**Problem statement:** Here are some records; quote them exactly, leaving out the pictures.

**The data:**
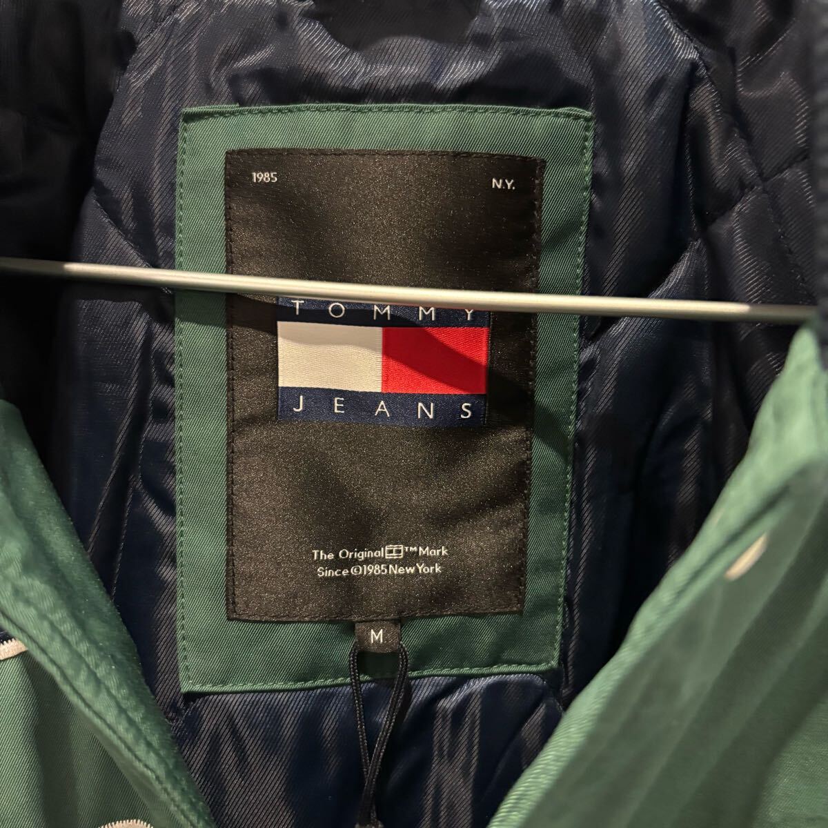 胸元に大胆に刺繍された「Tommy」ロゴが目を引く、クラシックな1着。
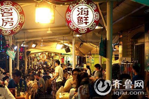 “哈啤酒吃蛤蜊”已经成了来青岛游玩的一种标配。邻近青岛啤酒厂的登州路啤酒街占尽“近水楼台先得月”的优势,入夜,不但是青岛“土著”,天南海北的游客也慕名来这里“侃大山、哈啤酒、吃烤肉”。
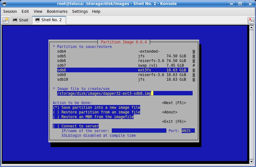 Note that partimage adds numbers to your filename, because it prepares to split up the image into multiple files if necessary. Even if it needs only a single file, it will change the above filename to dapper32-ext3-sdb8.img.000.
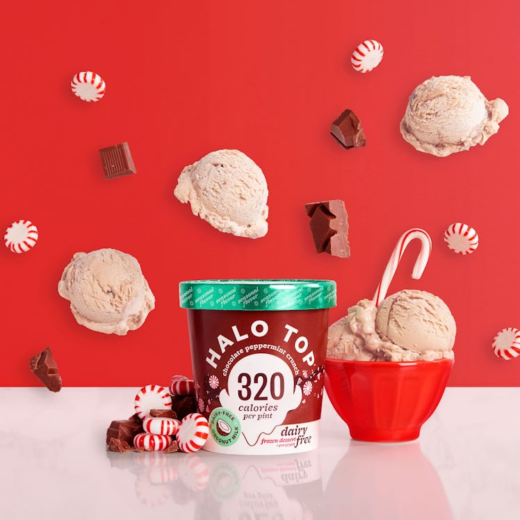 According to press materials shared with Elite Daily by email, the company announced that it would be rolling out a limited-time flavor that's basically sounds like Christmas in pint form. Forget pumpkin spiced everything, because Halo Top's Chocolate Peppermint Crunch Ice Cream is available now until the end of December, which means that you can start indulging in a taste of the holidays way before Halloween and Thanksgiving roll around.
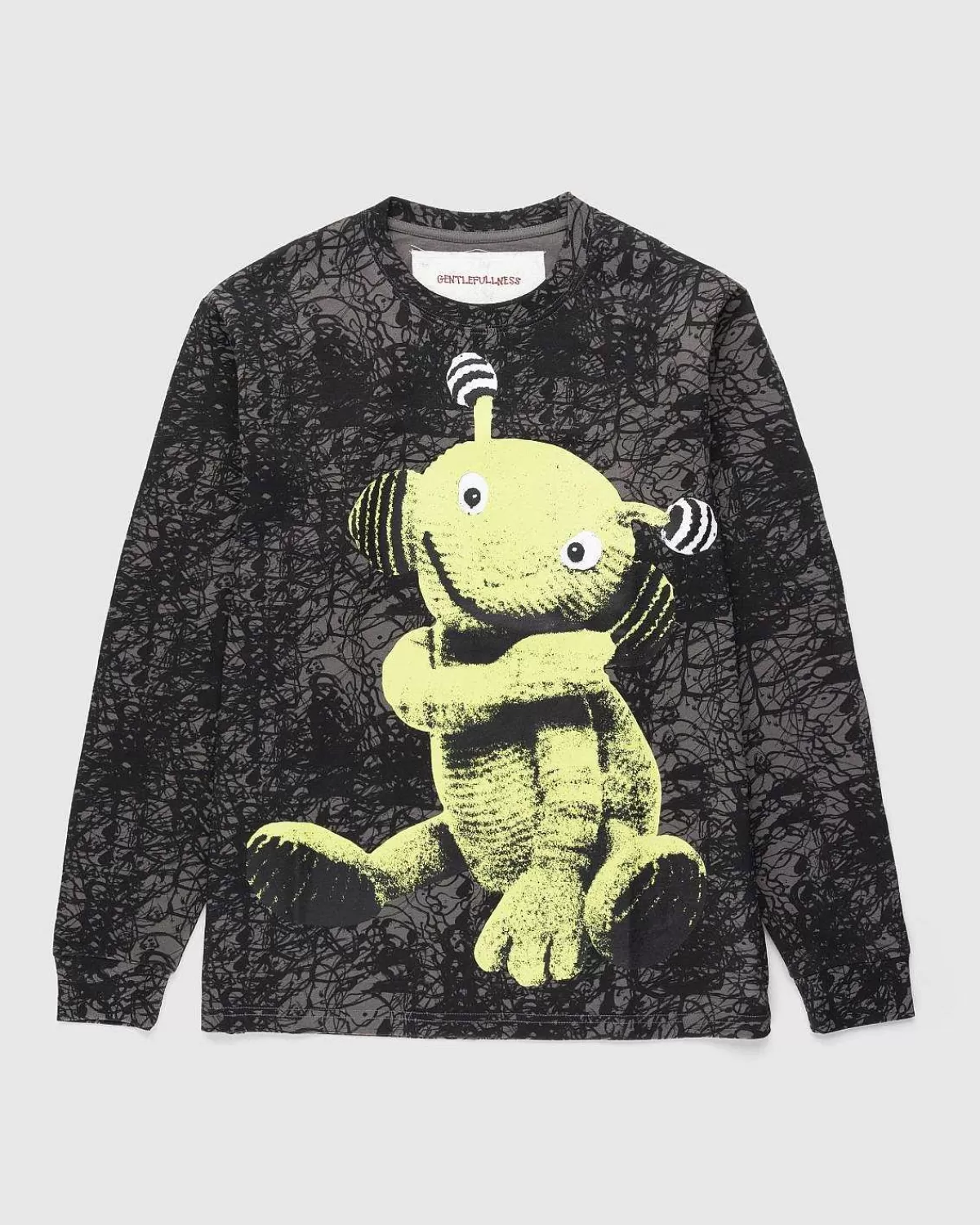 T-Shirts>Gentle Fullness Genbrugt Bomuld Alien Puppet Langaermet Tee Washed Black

**Result below:**
 胸元に大胆に刺繍された「Tommy」ロゴが目を引く、クラシックな1着。
 “哈啤酒吃蛤蜊”已经成了来青岛游玩的一种标配。邻近青岛啤酒厂的登州路啤酒街占尽“近水楼台先得月”的优势,入夜,不但是青岛“土著”,天南海北的游客也慕名来这里“侃大山、哈啤酒、吃烤肉”。
 Note that partimage adds numbers to your filename, because it prepares to split up the image into multiple files if necessary. Even if it needs only a single file, it will change the above filename to dapper32-ext3-sdb8.img.000.
 According to press materials shared with Elite Daily by email, the company announced that it would be rolling out a limited-time flavor that's basically sounds like Christmas in pint form. Forget pumpkin spiced everything, because Halo Top's Chocolate Peppermint Crunch Ice Cream is available now until the end of December, which means that you can start indulging in a taste of the holidays way before Halloween and Thanksgiving roll around.
 T-Shirts>Gentle Fullness Genbrugt Bomuld Alien Puppet Langaermet Tee Washed Black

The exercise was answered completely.